Rock Hill woman charged in apartment fire denied bond

jmcfadden@heraldonline.comJuly 9, 2013 

— Suyatta Johnson, a mother of five who police say tried to set her boyfriend on fire, begged for grace in court Tuesday, apologizing to “all the families that lost everything” in a blaze that destroyed five Rock Hill apartment units last week and displaced 25 people.

But a city magistrate denied her bond and told her she could not call, text or visit the boyfriend police say was asleep when Johnson set fire to his comforter.

Police on Monday charged Johnson, 27, with second-degree arson and attempted murder nearly a week after she said she accidentally dropped a lit cigarette to the floor of her apartment after passing out from drinking.

The early-morning fire at Oak Hollow apartments tore into several homes July 2 and forced three people – including a pregnant woman and an 8-year-old girl – to jump from their second-floor apartments to safety.

Flames reached from Johnson’s first-floor apartment to the roof of Building 862.

The fire caused an estimated $600,000 in damage and left Johnson’s apartment filled with ashes and debris. Nine families left homeless were sent to live in hotels until permanent housing could be arranged.

Last week, Johnson told reporters she was in her apartment with her boyfriend of two years, Nesbitt Franklin, when the flames broke out. She said she had been drinking but fell unconscious and dropped a cigarette she had been smoking. She awoke when she felt heat coming from the bed.

She ran out and began knocking on neighbors’ doors to warn them about the fire. When firefighters and police officers arrived, they ushered residents out of their apartments.

After the fire, police questioned Johnson and other “preliminary” witnesses. Although released, she was still a “person of interest” to police and fire officials who jointly investigated the fire, police said.

Authorities last week found Franklin with serious burn injuries to his back and legs. He did not seek medical attention. Police issued warrants for Johnson’s arrest and, on Monday evening, found her at a Keiger Street apartment.

According to the arrest warrants, Johnson set fire to the bed comforter while Franklin was asleep under it. Franklin, who does not share any children with Johnson, “was woken up by the pain he experienced from the fire, and he found Johnson standing in the room looking at him.”

Charles Smith, who lives in Building 862 but across from where the flames did the most damage, was not surprised to learn the fire was intentionally set.

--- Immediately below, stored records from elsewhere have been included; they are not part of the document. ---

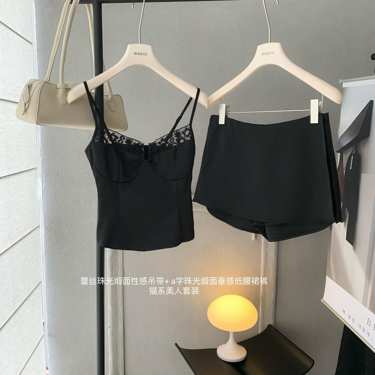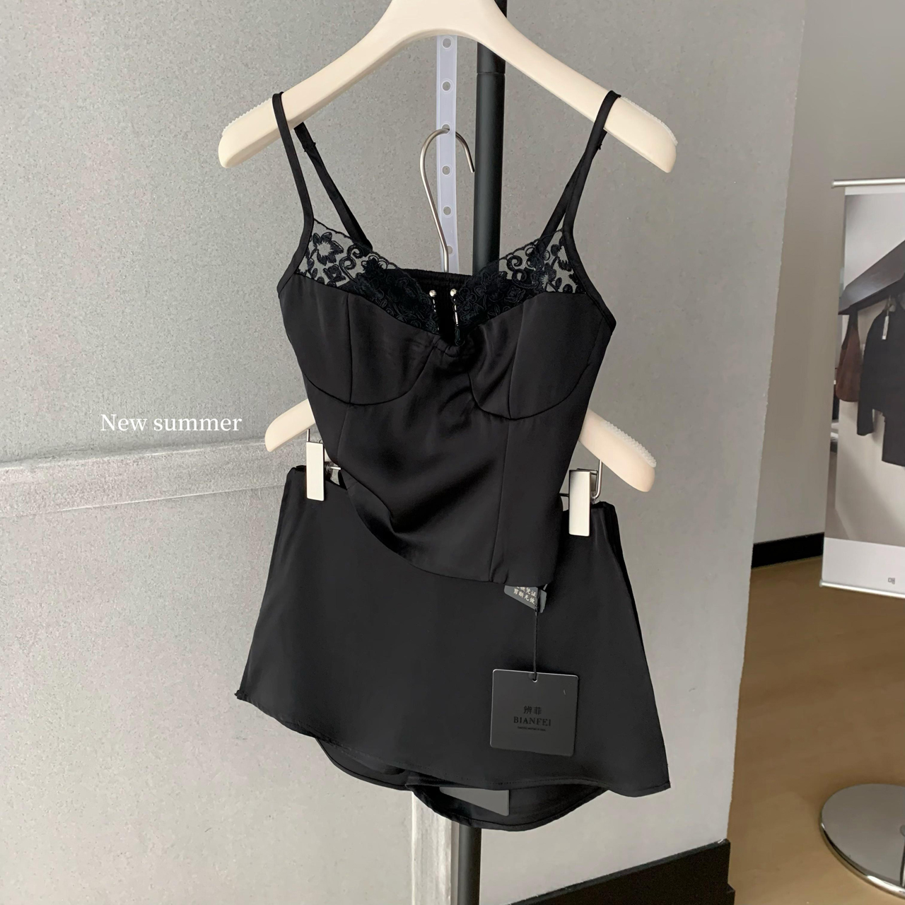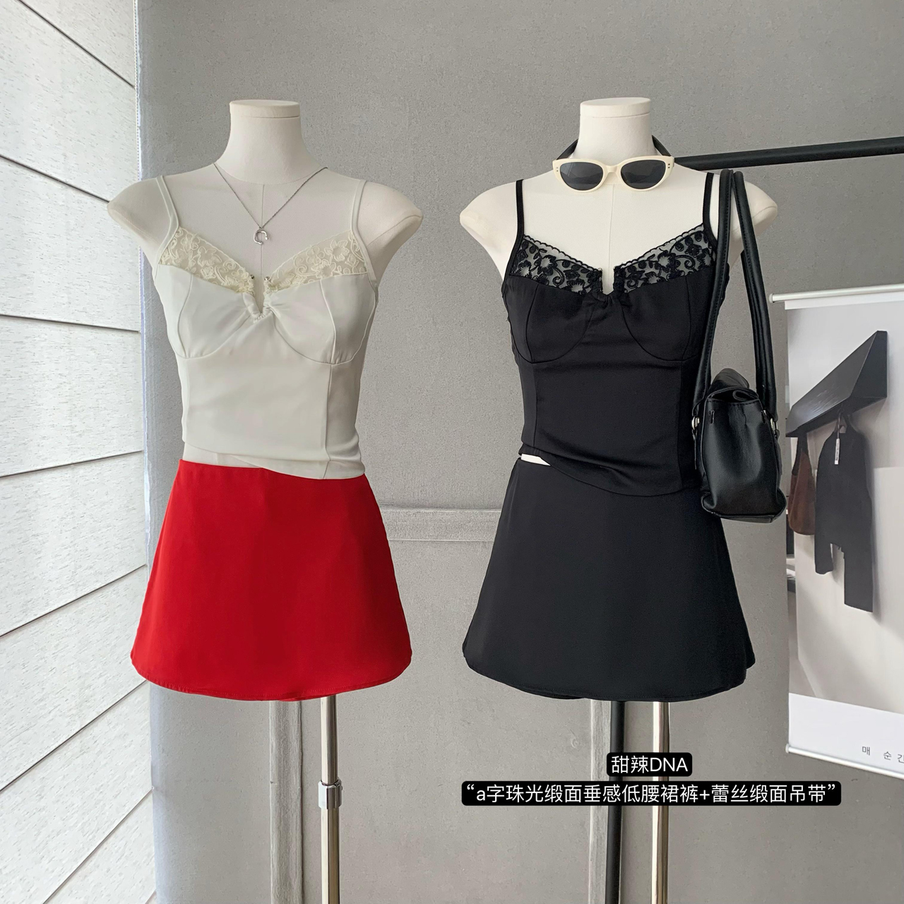 fart shop 고양이 부서 아름다움 레이스 구슬 빛 새틴 섹시함 캐미솔 봄 여름 허리 수축 맨위
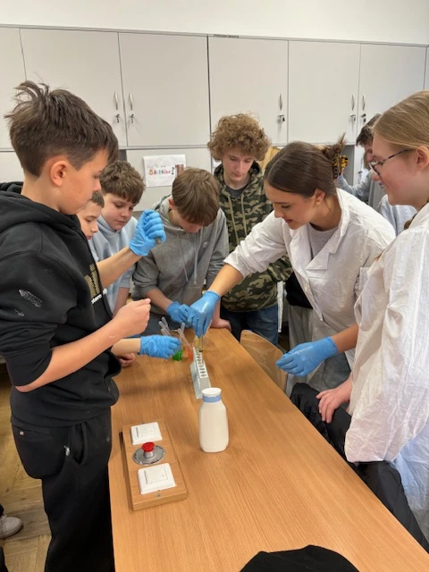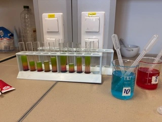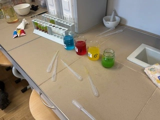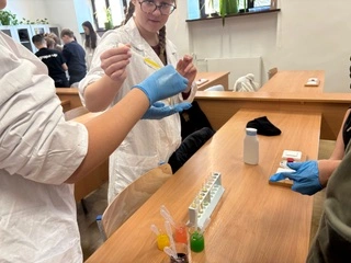 Uczniowie samodzielnie wykonywali ciekawe doświadczenia, takie jak efektowna tęcza w probówce, badali napięcie powierzchniowe, obserwowali właściwości cieczy nieniutonowskiej, określali skalę pH różnych substancji oraz obserwowali proces oddychania komórkowego.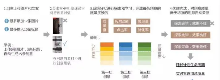 创意管理:智能把关创意质量,劣质创意自动关闭,有效延长广告计划生命周期。

His home wasn’t burned in the blaze, but he and three others who live with him evacuated when a neighbor warned them about the flames.

“No cigarette is going to” cause a fire resulting in so much damage, he said.

“I knew it,” said Tiffany June, a neighbor who last week said Johnson “set her man on fire.”

“I’m glad she got locked up,” June said. “She needs help.”

Sharon Omolu, who also lives in Building 862, said she was relieved to learn Johnson had been charged. She and her husband have lived at Oak Hollow for the past five years so they can save enough money to buy a house.

“I ain’t trying to die doing it,” said Omolu, who was awake when the fire started and had to spend the next night in a hotel because of heavy smoke damage. “It was terrible. I couldn’t breathe.”

About Johnson’s arrest, Omolu said, “Thank God. ... she could have killed us.”

Fire officials have not released an official cause of the fire.

Oak Hollow’s manager declined to comment.

Johnson has said she was released earlier this year from Piedmont Medical Center’s psychiatric ward and had been diagnosed with depression. She took several medications, including lithium and Prozac, all of which burned in the fire.

Police last month charged her with two counts of throwing bodily fluids on a law enforcement officer and public disorderly conduct after they say she pretended to be unconscious and then spit on officers when she refused to leave a woman’s apartment. Last week, she pleaded guilty to two counts of resisting arrest and received credit for time served, court records show.

During her Tuesday bond hearing, Johnson listened as Rock Hill Magistrate Jane Modla explained that she faced life in prison for the attempted murder charge, and a maximum 25-year sentence on the arson charge.

Modla questioned her about a 2010 unlawful burning conviction, in which Johnson was found guilty of setting fire to “one of my children’s father’s” clothes.

Johnson, a Wisconsin native who has lived in Rock Hill for seven years, stood without family members in court.

Rock Hill Police Detective Amy Jones said she did not believe Johnson had any close relatives in the area although there was some talk that she might try to visit her mother in Milwaukee.

“Under the circumstances, your history and your family situation, I won’t be giving you a bond,” Modla said, adding that Johnson will be jailed at the York County Detention Center until her trial. Modla also issued a no-contact order between her and Franklin, who did not appear in court.

Franklin declined to comment when reached by The Herald on Tuesday.

“Is somebody going to be able to see this ... like on the news, or what not?” Johnson asked Modla before a police officer escorted her back to a cell.

“It would appear so,” Modla replied.

Turning to reporters, Johnson said, “I just want to apologize to all the families that lost everything. Lord, forgive me. Keep everybody in prayer. Whoever sees this, please pray for me, too.”